Last year’s Countdown report made sobering reading. Although health gained greater prominence in climate change negotiations, Marina Romanello and her team reported that older adults and young children are being exposed to twice as many heatwave days as they were 20 years ago; heat-related deaths among those older than 65 years have increased by 85% since 1990; land affected by extreme drought increased by 47% during the past decade, jeopardising water security, sanitation, and food production. Indeed, over the past decade, 127 million more people have experienced food insecurity because of a higher frequency of heatwaves and droughts.

The truth is, therefore, that although the scientific understanding of the connections between health and climate change is growing, the translation of that science into action is pitifully slow, even reversing in some settings.

 

Health is a unique and unifying indicator of our predicament and progress.”

Dr Richard Horton, Editor-in-Chief of The Lancet

Part 3

Health and Healthcare Are Unifying Factors for Climate Action

So, what do we do? Here is why I remain mobilised, inspired, and optimistic that the health community remains special in particular ways.
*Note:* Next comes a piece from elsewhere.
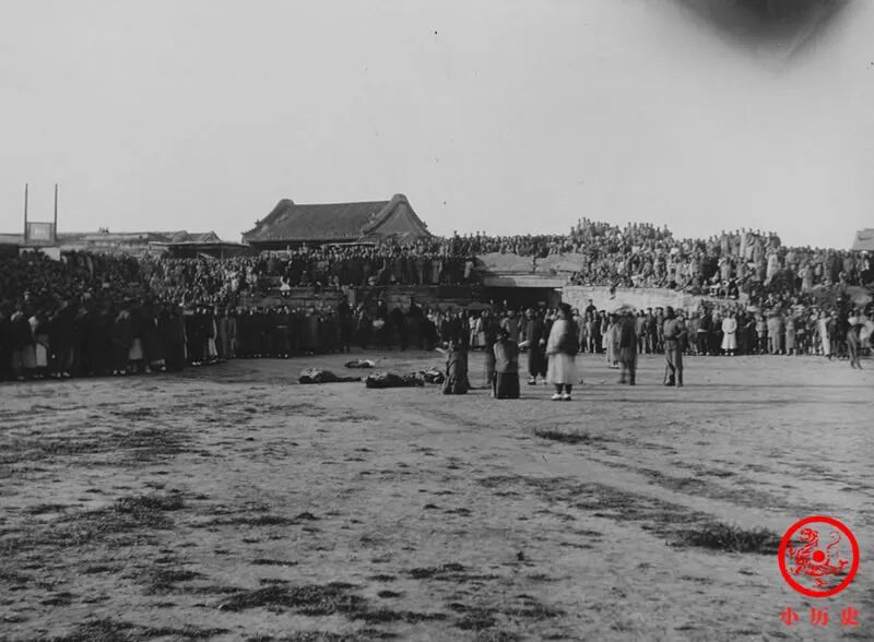 这个场面的拍摄地点可能在北京宣武门外的菜市口。清朝(以前的朝代也这样)行刑都是选在人来人往的闹市,官府鼓励围观,希望用这种方式警示人们守法。不过,这也养成了部分百姓心大、麻木的习性。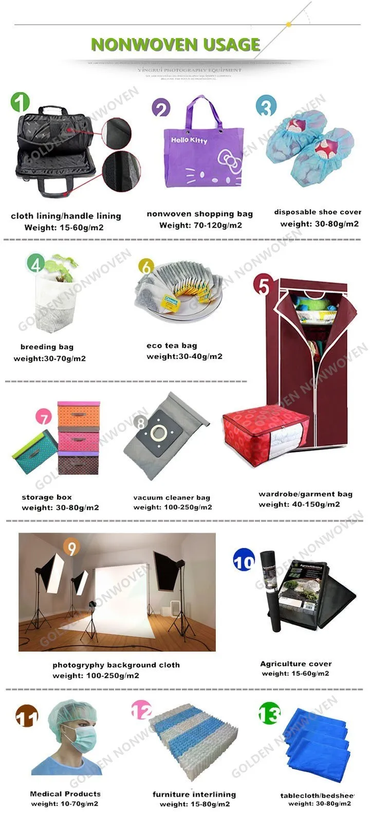 | Place of Origin | Fujian, China | Brand Name | GOLDEN NONWOVEN, non woven fabric, pp nonwoven fabric,non woven fabric roll | |

Let me explain why.

Health has a special moral importance that we have an obligation to take more seriously. If we are concerned about the idea of justice—that is, a fairer society for all—then we have to be concerned with the idea of opportunity. The idea that everyone in society has the opportunities to be who they want to be without harming the opportunities of others. That we are all able to pursue the life plan that we wish to develop for ourselves. Without opportunities for us to realise our hopes, desires, or ambitions, our societies will simply remain as they are—unequal and divided, unfair and unjust, with social mobility a distant dream.

The idea of opportunity is central to the idea of a more just society: opportunities must be open to everyone, without exception. And now, the crucial truth: that opportunity fundamentally depends upon health. Unless we are able to function as normally as possible as human beings, opportunities will always remain out of reach for us, from education to prosperity, creativity to innovation.

My conception of justice demands that we must not only protect and strengthen opportunity, but also that we must protect and strengthen health. That is why health is unique and unifying for societies. A joint commitment to health is what binds our societies together on a path towards equity. And it is also why health workers and health scientists have a special responsibility to speak about and act to deliver net zero.

Your work, your voices, your actions. The steps we take together for health and healthcare are the foundations for enabling future generations to achieve a sustainable future. There can be no greater calling.

 

My conception of justice demands that we must not only protect and strengthen opportunity, but also that we must protect and strengthen health. That is why health is unique and unifying for societies. A joint commitment to health is what binds our societies together on a path towards equity. And it is also why health workers and health scientists have a special responsibility to speak about and act to deliver net zero.”